> **ACTION ITEM**:
Could you write out, exactly as they stand, only the lines in the listing below from the line with "Colvyn Harris Cotton" to the line with "- (politically, culturally)", both ends included, without the pictures?

> **THE RECORDS**:
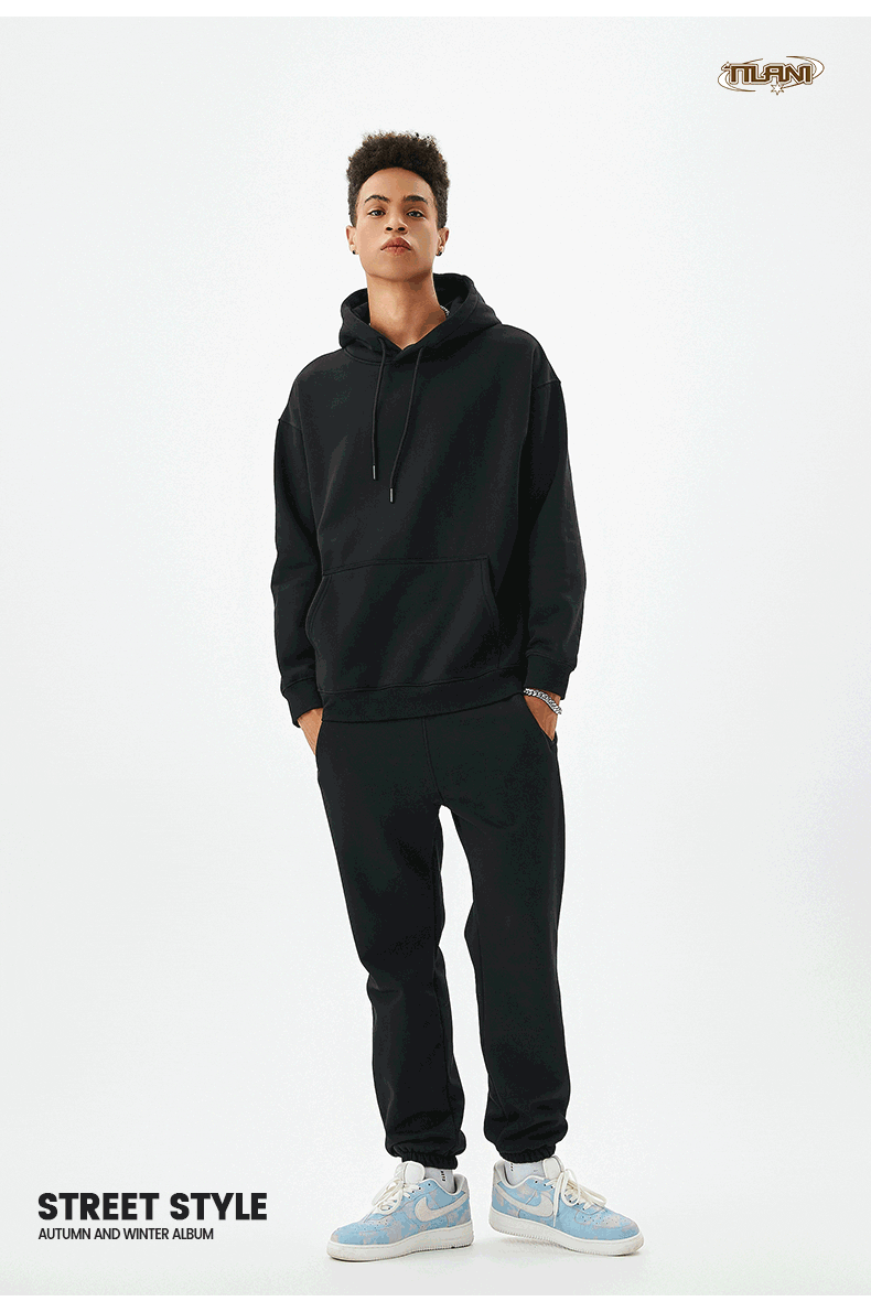 TILANI 가을과 겨울 370g 기모 두꺼운 폴라 양털 욕실 바지 허리 느슨한 바지 단색 캐주얼 발가락 스포츠 바지스토어 가기
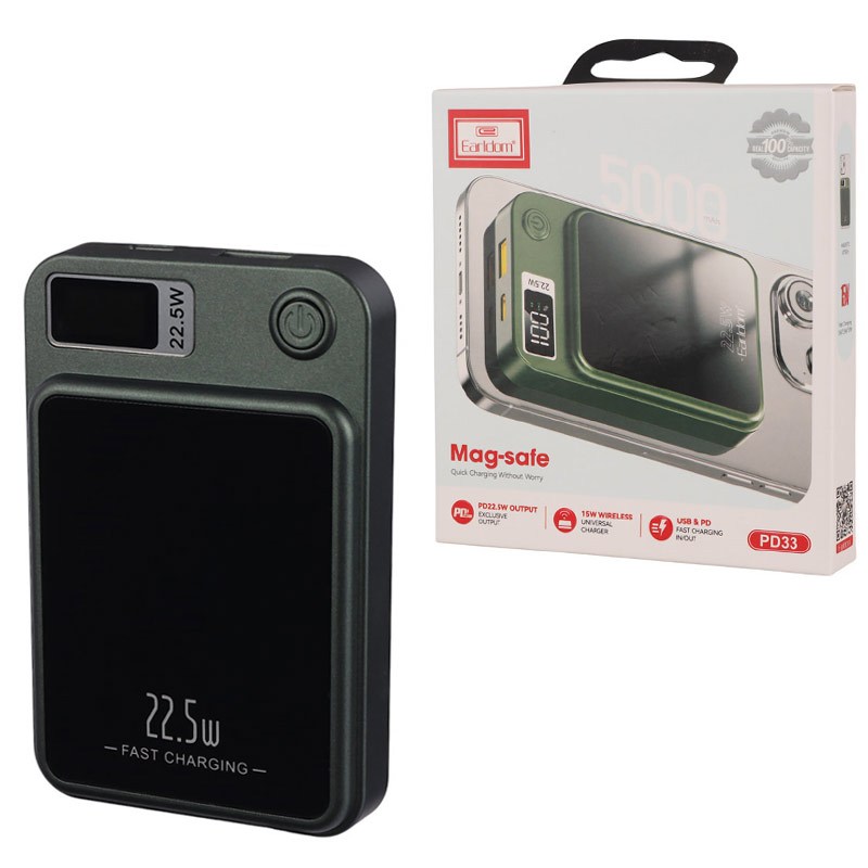 شارژر همراه فست شارژ وایرلس ارلدام مدل ET-PD33 با ظرفیت 5000 میلی آمپر ساعت
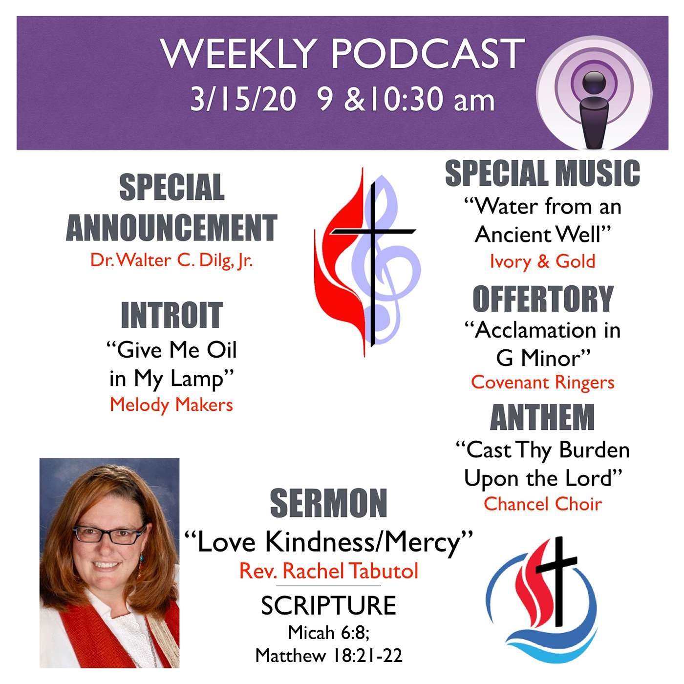 [00:00] Special Announcement: - Dr. Walter C. Dilg, Jr.[06:07] Introit: "Give Me Oil In My Lamp" (arr. V. Hancock Wright) - Melody Makers[08:46] Special Music: "Water from an Ancient Well" (Abullah Ibrahim) - Ivory & Gold[17:59] Scripture: Micah 6:8; Matthew 18:21-22[19:15] Offertory: "Acclamation in G Minor" (Karen Thompson) - Covenant Ringers[22:08] Anthem: "Cast Thy Burden Upon the Lord" (B. Harlan) - Chancel Choir[26:15] Sermon: "Love Kindness/Mercy" - Rev. Rachel Tabutol
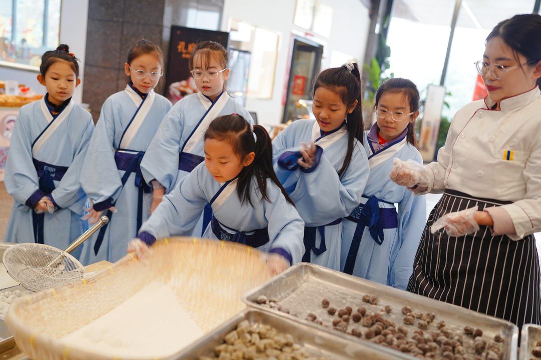 为迎元宵佳节,孔子博物馆特别推出“灯火映孔博·雅趣闹元宵”研学营活动,为青少年观众打造了一场沉浸式的传统文化体验之旅。在“巧手塑面灯”环节,同学们亲手制作代表十二个月的豆面灯,并通过冷凝水实验,感悟古代农耕智慧与现代气象科学的异同。“萝卜灯雕刻”体验,让大家一同将儒家智慧与文物纹样融入雕刻之中,打造成为别具一格的“萝卜灯展”。同时,在老师的带领下,同学们学习北方元宵的“滚制”工艺,亲手调配馅料,体验制作元宵的乐趣。还有猜灯谜、制作荷花灯环节,让同学们寓教于乐,学在其中。
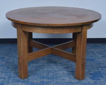 STICKLEY Mission Oak Round Inlaid Occasional Table · #32 Finish Harvey Ellis Design Arts & Crafts Style Offered @ Fraction Original Retail Cost Well Cared For Table Ready For Your Home More Details
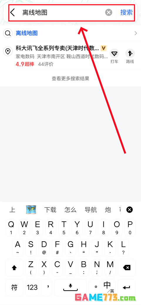 1、进入高德地图APP后在搜索款输入“离线地图”
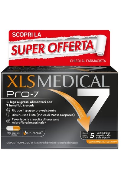 XLS MEDICAL PRO-7 ha caratteristiche di sicurezza e tollerabilità certificate. Non è un pasto sostitutivo.
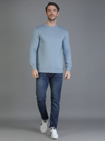 Colvyn Harris Cotton Fleece Crew Neck Dust Blue Sweatshirt for Men
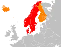 - (politically, culturally) Norway, Sweden and Denmark, sometimes also Finland and Iceland; the main Nordic countries
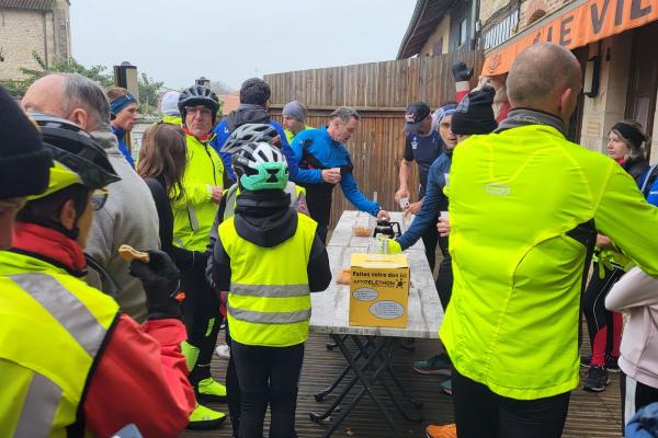Une mobilisation unique au monde par son ampleur. Le Téléthon c'est une mobilisation exceptionnelle ! Un élan de solidarité unique de dizaines de participants qui ont couru pour cette bonne cause en passant de village en village récupérer des dons. Pirajoux a reçu ces bones âmes comme il se doit.
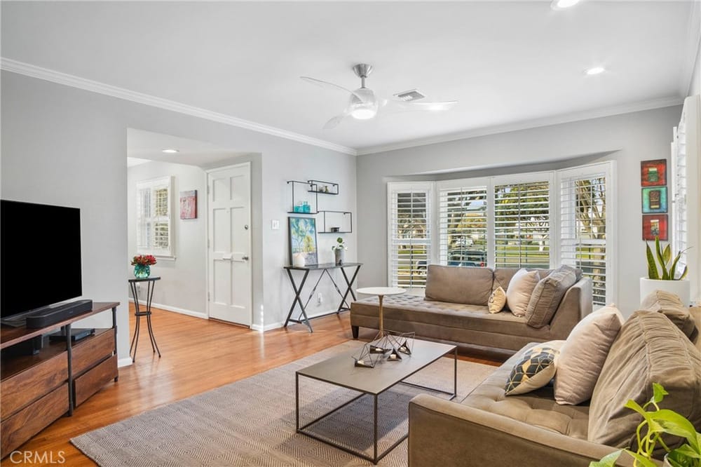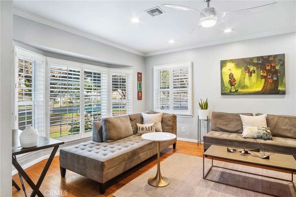 Come and see this beautiful family home in an amazing neighborhood! This property has not been on the market since 2003...so now is your chance! Property shows as a 3 bedroom, 2 bath. The front yard has a gently sloping yard with lush green grass, cute bay window with planter and brick steps to the front door, and fresh paint. The driveway takes you from the street to the back yard with a 2-car ga...rage. Long enough for your extra cars and possibly wide enough for your boat or RV! The home boasts the original hardwood floors of oak that is hard to find anymore! Sand it down and stain it to your liking! Inside you'll discover newer paint, crown moulding, smooth ceilings, newer windows with custom shutters, canned lights, ceiling fans and baseboards throughout. The home also has central heat and air as well as a whole house fan! The kitchen and both bathrooms have been remodeled, and the appliances are included! There is a quaint dining area as well as a bar space for casual eating. The laundry room is off the kitchen with plenty of storage space. There is an extra bright, sunny room with sliding glass doors that lead to the back yard. This room is not included in the square footage and would be great for an at-home office or kids' playroom! The back yard is a virtual entertainers dream! Plenty of newer concrete, awesome tiled step-up outdoor dining area with wood awning, outdoor barbeque that has a propane 2 burner cooktop, 2 storage drawers and prep bucket, and includes space for stools. Thers is an area of artificial grass, tiled space with another seating area, block wall fencing on 3 sides and a storage shed. Get yourself a new home for Christmas!
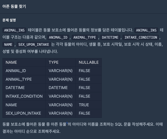 ANIMAL_INS 테이블은 동물 보호소에 들어온 동물의 정보를 담은 테이블입니다. ANIMAL_INS 테이블 구조는 다음과 같으며, ANIMAL_ID, ANIMAL_TYPE, DATETIME, INTAKE_CONDITION, NAME, SEX_UPON_INTAKE는 각각 동물의 아이디, 생물 종, 보호 시작일, 보호 시작 시 상태, 이름, 성별 및 중성화 여부를 나타냅니다.
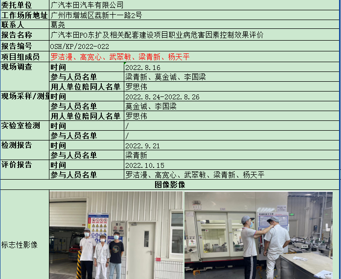 广汽本田PO东扩及相关配套建设项目职业病危害因素控制效果评价
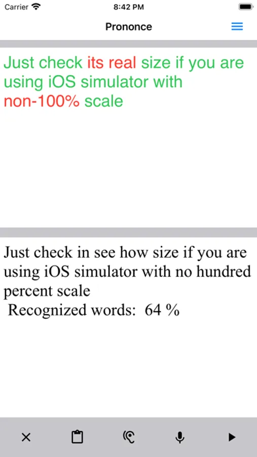 The application allows you to listen, record and compare using speech recognition, as well as by ear, recorded image of speech with the original.
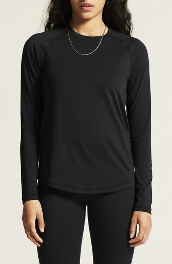 Keep comfortable during workouts in this moisture-wicking top made from recycled fibers and styled with plenty of stretch and raglan sleeves for ease of motion.

> **COMPLETED TASK**:
 Colvyn Harris Cotton Fleece Crew Neck Dust Blue Sweatshirt for Men
 - (politically, culturally) Norway, Sweden and Denmark, sometimes also Finland and Iceland; the main Nordic countries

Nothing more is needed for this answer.